June 04, 2012
Credit: Photo Credit: Embraer
Bradley Perrett/Beijing
For aircraft component makers used to seeing China as a fierce competitor, the view from the other side of the hill may be surprising. To Chinese plant managers, technical and management problems abound, wages are rocketing, and sharp rivals in such countries as Mexico and Morocco are only making life harder.
Shenyang-based SACC, an internationally focused airframe maker in the Avic group, admits to a range of such daunting challenges as it strives to achieve its goal of becoming a strategic partner of major aircraft builders. One of the answers from its president, Pang Zhen, is specialization—something that Chinese aerospace managers have not been very good at enforcing.
SACC is already a product of a strong effort by Avic over the past five years to get each of its subsidiaries focused on a limited range of activities. In their decades as closed weapons builders for a Communist military, aircraft plants tried as far as possible to make whole aircraft.
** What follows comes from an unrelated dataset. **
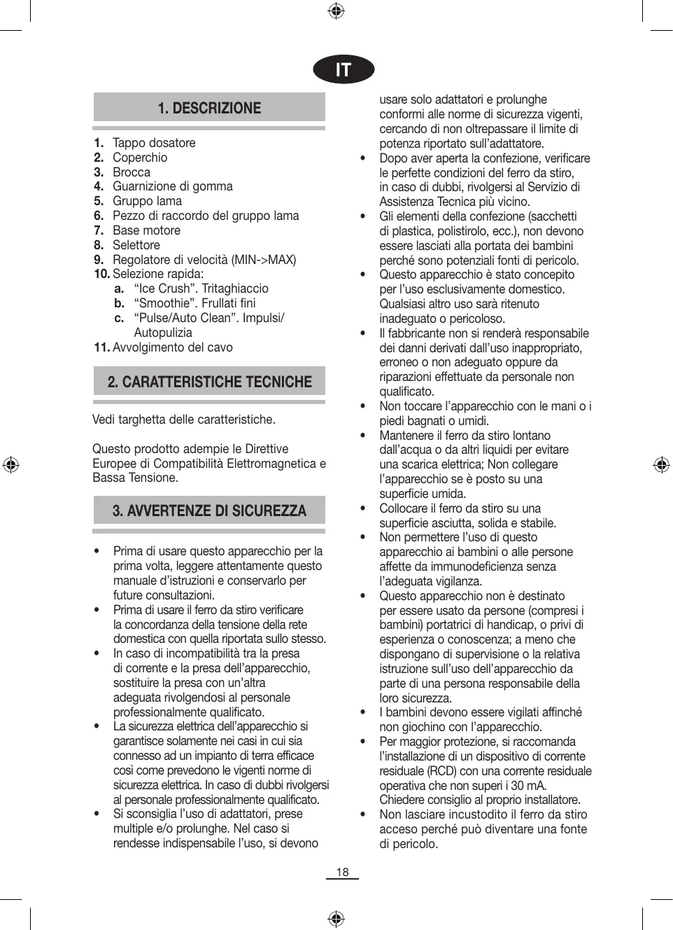 Non tirare mai dal cavo per scollegare l’apparecchio. Scollegare il ferro da stiro prima di effettuare una qualsiasi operazione di pulizia o di manutenzione. In caso di avaria o di guasto dell’apparecchio, spegnerlo e non cercare di sistemarlo. In caso di necessitare una riparazione rivolgersi solo ad un servizio di assistenza tecnica autorizzata dal fabbricante e richiedere l’uso di ricambi originali. L’utilizzatore non deve procedere alla sostituzione del cavo. Nei casi in cui fosse rovinato o danneggiato, rivolgersi esclusivamente ad un Servizio di Assistenza Tecnica autorizzato dal fabbricante. Non lasciare il ferro da stiro esposto agli agenti atmosferici (pioggia, sole, gelo ecc.). Non usare o collocare nessuna parte di questo ferro da stiro sopra o vicino a superfici calde (fornelli a gas, elettrici o forni). Non utilizzare detersivi o panni abrasivi per pulire l’apparecchio. Non toccare le superfici calde. Utilizzare i manici. Evitare che il cavo entri in contatto con le parti calde dell’apparecchio. La lama è molto affilata: maneggiarla con cura per evitare di tagliarsi. Non riempire il frullatore oltre il livello massimo. Non togliere la brocca dalla base motore quando l’apparecchio è in funzione. Usare sempre il frullatore con il coperchio della brocca ben collocato. Non infilare la mano o altri oggetti nella brocca quando l’apparecchio è in funzione. Se necessario, scollegare l’apparecchio e usare una spatola per rimuovere gli alimenti rimasti attaccati alle pareti della brocca. Non immergere la base motore in acqua né altri liquidi. Non toccare i pezzi girevoli mentre sono in movimento; attendere che si fermino. Non usare questo prodotto per scopi diversi dalla preparazione degli alimenti.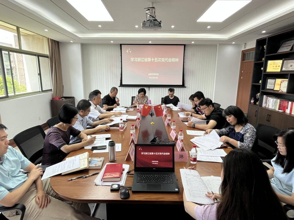 学院各党支部纷纷掀起学习贯彻省第十五次党代会精神学习热潮,第一时间通过“三会一课”、主题党日活动、心得分享、交流研讨等形式将党代会精神传达到了每一位党员,推动省第十五次党代会精神入脑入心。全体党员们一致表示,将把贯彻落实省第十五次党代会精神与迎接党的二十大胜利召开的主题主线结合起来,与贯彻落实学校学院“十四五”规划结合起来,全面贯彻党的教育方针,牢记嘱托,不辱使命,真抓实干,从省第十五次党代会精神中充分汲取智慧和力量,为奋力推进浙江“两个先行”贡献力量。

With economic liberalization, they liberally began making even more things, from motorcycles to gym equipment.
Pang's company was split from Shenyang Aircraft Co., a famous fighter works, in 2008 with the task of making only civil airframe parts. It builds forward, center and aft fuselage sections for the Bombardier Q400 but Pang wants to tighten its focus even further.
In trying to build whole aircraft, “we cannot bring together the resources needed to do things properly,” he says. “So we have decided to follow the path of specialized development. Currently, we are concentrating on the aircraft tail section, doors and engine mountings to develop our business.”
The whole Chinese industry lacks scale, Pang says, noting that its international deliveries are about a tenth of Japan's. SACC, at least, thinks it is has to get bigger. Then there is technology. For all the funding that the Chinese state has lavished on the aerospace industry, Pang says that its manufacturing techniques are still mostly traditional, with SACC's automation at less than half the level commonly seen in Western countries. He aims to change that.
And management is not up to scratch. Pang tells Aviation Week that if SACC could immediately implement Western management techniques it could improve labor productivity by at least a third. That would buy the company about three years of respite from the problem of wage inflation.